= Usable fuel =

In aviation, usable fuel is the fuel on board an aircraft that can actually be used by its engines. It is defined as the total quantity of fuel in all fuel tanks, minus the fuel quantity necessary to comply with the unusable fuel supply determination requirements. It is the only value that should be used when calculating the amount of fuel required. It is also used when calculating or defining other key parameters of an aircraft such as MTOW, zero-fuel weight etc.

As this figure is calculated/defined for a plane in level flight it is possible that the engines of an aircraft run dry (out of fuel) even when the amount of usable fuel is still above zero, such as if the wings are not level and/or the angle of attack is higher or lower than when cruising. The inverse is also possible; in some conditions, fuel can continue to be fed to the engines when the usable fuel is below zero.

The opposite of usable fuel is unusable fuel. This is the fuel quantity stored in the aircraft fuel tank that cannot be supplied to the engine, due to the design and positioning of fuel pumps, tank ribs, such as fuel under the pump-intake, fuel behind ribs of a tank, fuel in lines between the tanks and the engines. However the value is often used to help calibrate the aircraft's fuel gauge. The unusable fuel figure is calculated for an aircraft fuel tank in "the most adverse fuel feed condition occurring under each intended operation and flight maneuver involving that tank". Although the term is mainly used in aviation it is sometimes also used for other craft with engines.

== Factors that limit usable fuel ==
There are several factors that can make it difficult to determine the amount of usable fuel. One such factor is the aircraft's movement during flight. When an aircraft is in motion, changes in attitude such as role or pitch movements mean the fuel tanks do not always remain level. To mitigate this risk, analytical methods are used to calculate the maximum available fuel whilst the aircraft is in such extreme attitudes.

The complexity of an aircraft's fuel delivery system may also influence the amount of usable fuel available. Simple systems on light aircraft often use only two gravity fed tanks to deliver fuel to the engine. However larger aircraft can feature multiple tanks along with multiple pumps. This complexity increases the risk of fuel starvation incidents even when plenty of fuel is available, for example via incorrect tank selection or faulty components, leaving fuel unavailable to use. In larger aircraft, due to tank shape or installation constraints, a small amount of fuel can remain and cannot be pumped by the fuel pumps into the feeder tanks, thus becoming part of the unusable fuel.

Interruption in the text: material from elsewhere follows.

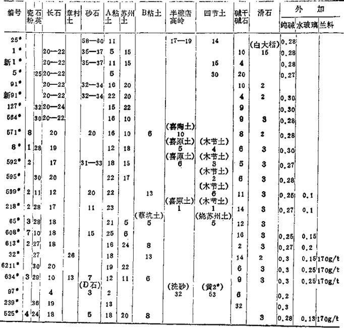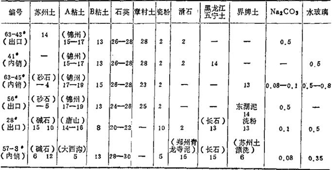 表1-42配方沿革说明: 25#泥 比较柔和好用,但产品色彩灰暗,1951年停用。 1#泥 比25#色泽好,但成型性能不很柔和,1951年因碱干不足及成型不良而停用。 新1#泥 成型性能稍好但仍次于1#,仍不甚柔和,于1952年改用5#。 5#泥 柔和,但有产品炸裂问题,仅使用2个月改为91#。 91#泥 柔和好用,成型工人欢迎,从1952年使用到1955年。 新91#泥 柔和好用,色调不如91#,于1955年改为127#。 127#泥 可塑性差、色调较白,但有炸裂问题,于1956年停用。 564#泥 较白,不太柔和,后因苏州土、碱干供应紧缺于1957年停用(生产暖气泥片)。 571#泥 成型好,不太白,于1958年改为8#。气 8#泥 成型好用,色泽也好,后因碱干、石英紧张,于1959年改为592#。 592#泥 柔和好用,不如8#泥白,后因砂石及苏州土供应不足,使用2个月后改599#。 595#泥 生产暖气片泥料,后因苏州土不足改599#。 599#泥 柔和好用,色调不好,于1959年改用218#。 218#泥 成型好,白度高于599#,但白度仍不高,于1960年5月改为65#。 65#泥 柔和洁白,因石英不足于1960年改为608#。 608#泥 塑性不强,白度不高,于1961年改为613#。 613#泥 塑性好,烧成缺陷多,不洁白,于1962年11月改为6211#。 6211#泥 成型好用且洁白,后因苏州土紧缺,于1963年4月改为634#。 634↑(#泥 柔和好用且洁白,泥浆稳定。 97↑(#泥 是面盆坯体泥(外层还上化妆土239#)。 239#泥 系97#泥坯的化妆土。 525#泥 洁白,成型性能差,只用于制作样品。 表1-43 60年代某生产配方 (重量%)

Unusable fuel also includes the quantity of fuel required to fill the aircraft's fuel lines, and includes the fuel that remains trapped in the tank sumps. The fuel sumps are designed to allow water and debris contamination to migrate to the lowest point where it can be drained before flight. If the drain points become blocked by sludge, ice, or other contaminants, the amount of unusable fuel may also increase.